■ DATA RECORDS:
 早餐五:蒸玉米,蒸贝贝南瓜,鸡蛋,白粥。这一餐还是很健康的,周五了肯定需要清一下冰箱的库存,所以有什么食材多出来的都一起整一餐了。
==
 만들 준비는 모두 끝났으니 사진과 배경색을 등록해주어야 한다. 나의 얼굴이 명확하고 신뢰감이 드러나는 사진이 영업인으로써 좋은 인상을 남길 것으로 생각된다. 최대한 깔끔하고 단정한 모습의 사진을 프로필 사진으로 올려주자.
...
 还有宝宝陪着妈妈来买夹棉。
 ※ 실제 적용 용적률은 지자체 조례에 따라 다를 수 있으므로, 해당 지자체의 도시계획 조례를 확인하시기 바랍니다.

■ YOUR OBJECTIVE: Above this task is a listing. Restate, word for word and with nothing added, the lines from the one with "还有宝宝陪着妈妈来买夹棉。" through the one with "조례를 확인하시기 바랍니다.".

■ YOUR SOLUTION:
 还有宝宝陪着妈妈来买夹棉。
 ※ 실제 적용 용적률은 지자체 조례에 따라 다를 수 있으므로, 해당 지자체의 도시계획 조례를 확인하시기 바랍니다.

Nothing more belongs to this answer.